AIWiki
Malaysia

Amazon SageMaker

Amazon SageMaker is a fully managed cloud platform from AWS that provides an integrated environment for building, training, and deploying machine learning models at scale, incorporating tools for data preparation, model development, MLOps, and generative AI.

6 min readLast updated June 2026Companies & Tools

Amazon SageMaker is a fully managed machine learning platform developed by Amazon Web Services (AWS). Launched in November 2017 at AWS re:Invent, SageMaker provides data scientists, machine learning engineers, and developers with an integrated set of tools for the complete ML lifecycle: data exploration and preparation, model training and evaluation, deployment and serving, and ongoing monitoring. In 2024, AWS rebranded the product as Amazon SageMaker AI to emphasise its positioning as a comprehensive data, analytics, and AI platform rather than a standalone ML service.

History and Evolution

SageMaker was initially conceived as a managed environment that would remove the infrastructure burden from data science teams — provisioning compute, managing dependencies, and handling model hosting — so that practitioners could focus on modelling rather than DevOps. At launch, it offered managed Jupyter notebook instances, built-in training algorithms, and one-click endpoint deployment.

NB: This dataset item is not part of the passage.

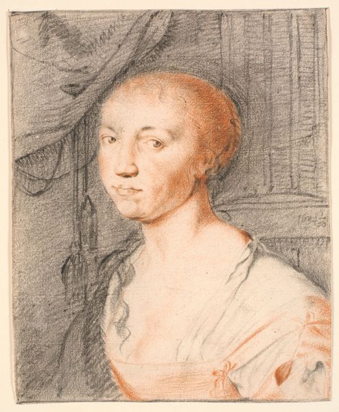 A. Weenix created this portrait of Siewert van der Meulen's wife in an unknown year using sanguine chalk. The drawing presents a study in contrasts between the detailed facial features and the more loosely sketched background elements. The subject's face is rendered with a delicate precision, capturing a soft expression through subtle gradations of light and shadow. In contrast, the drapery and surrounding foliage are suggested with rapid, gestural strokes. The urn to the right acts as a formal counterpoint to the figure, balancing the composition. This contrast destabilizes the traditional hierarchy within portraiture, where meticulous detail was reserved for the sitter's likeness. Instead, Weenix integrates the background as an active component, blurring the boundary between subject and setting. The interplay between precise form and expressive line invites us to consider how meaning is constructed not just through representation, but also through the materiality of the medium itself.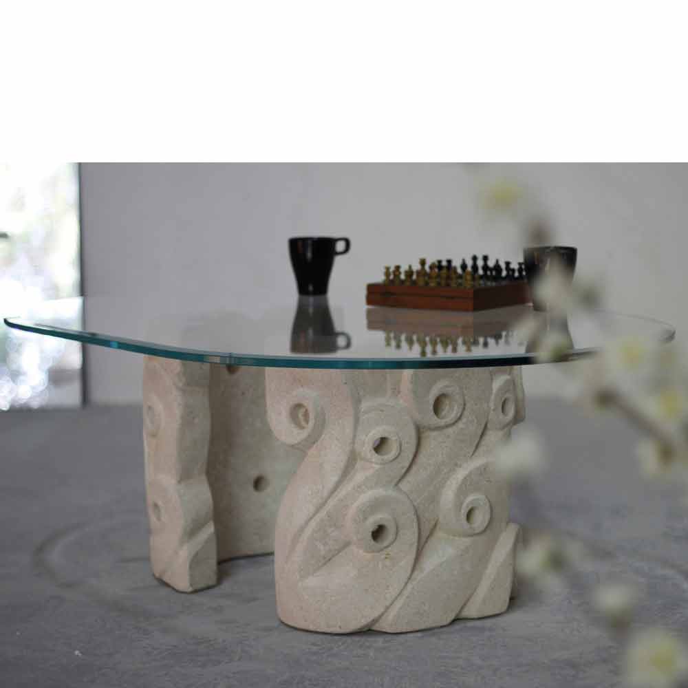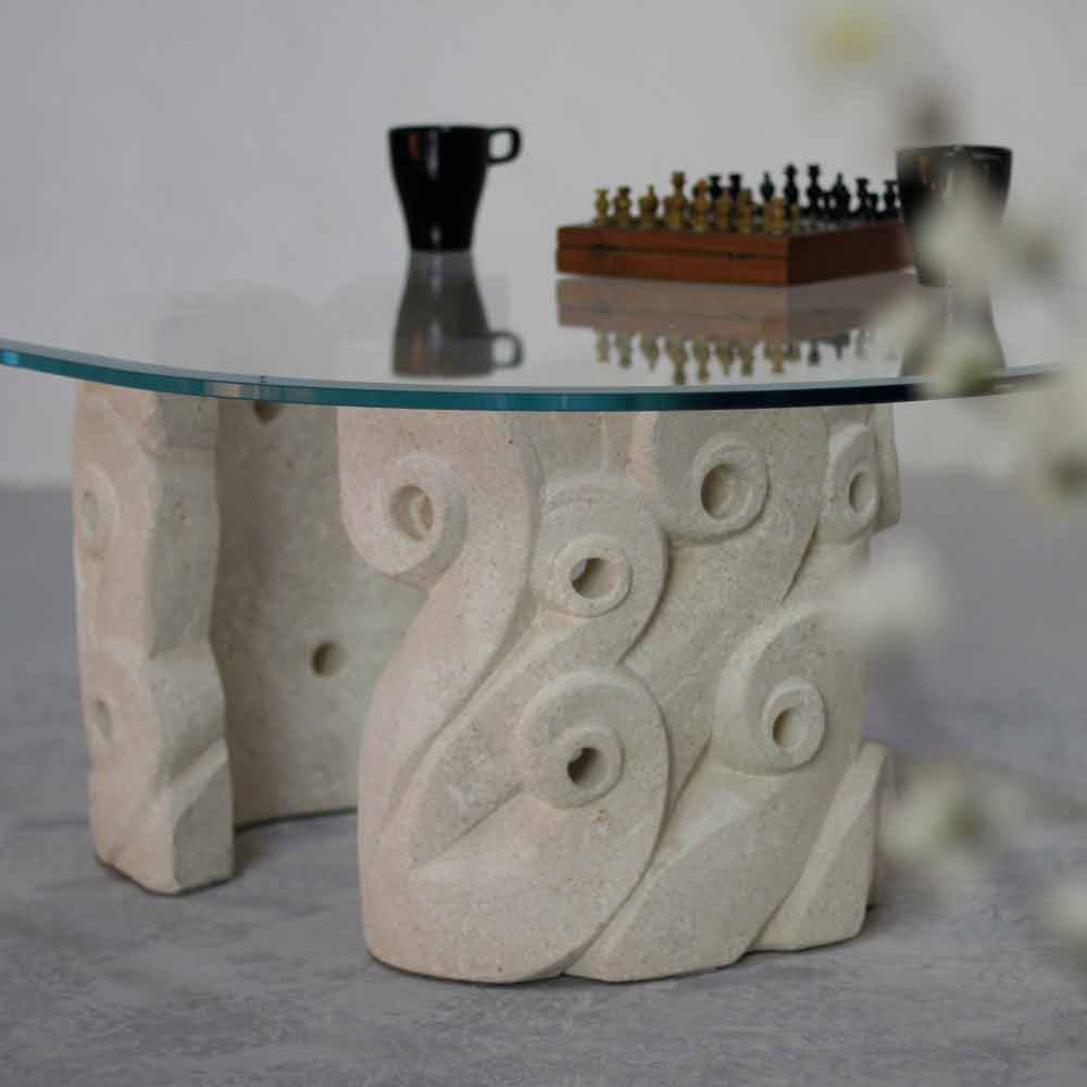 Classic design coffee table made of natural stone and crystal Lindos

Over subsequent years, AWS expanded SageMaker into a platform of more than 100 integrated services. Major additions included SageMaker Studio (a web-based integrated development environment for ML), SageMaker Autopilot (AutoML), SageMaker Clarify (bias detection and explainability), SageMaker Pipelines (MLOps workflow orchestration), SageMaker Model Monitor (production monitoring), and SageMaker HyperPod (distributed training infrastructure for large models).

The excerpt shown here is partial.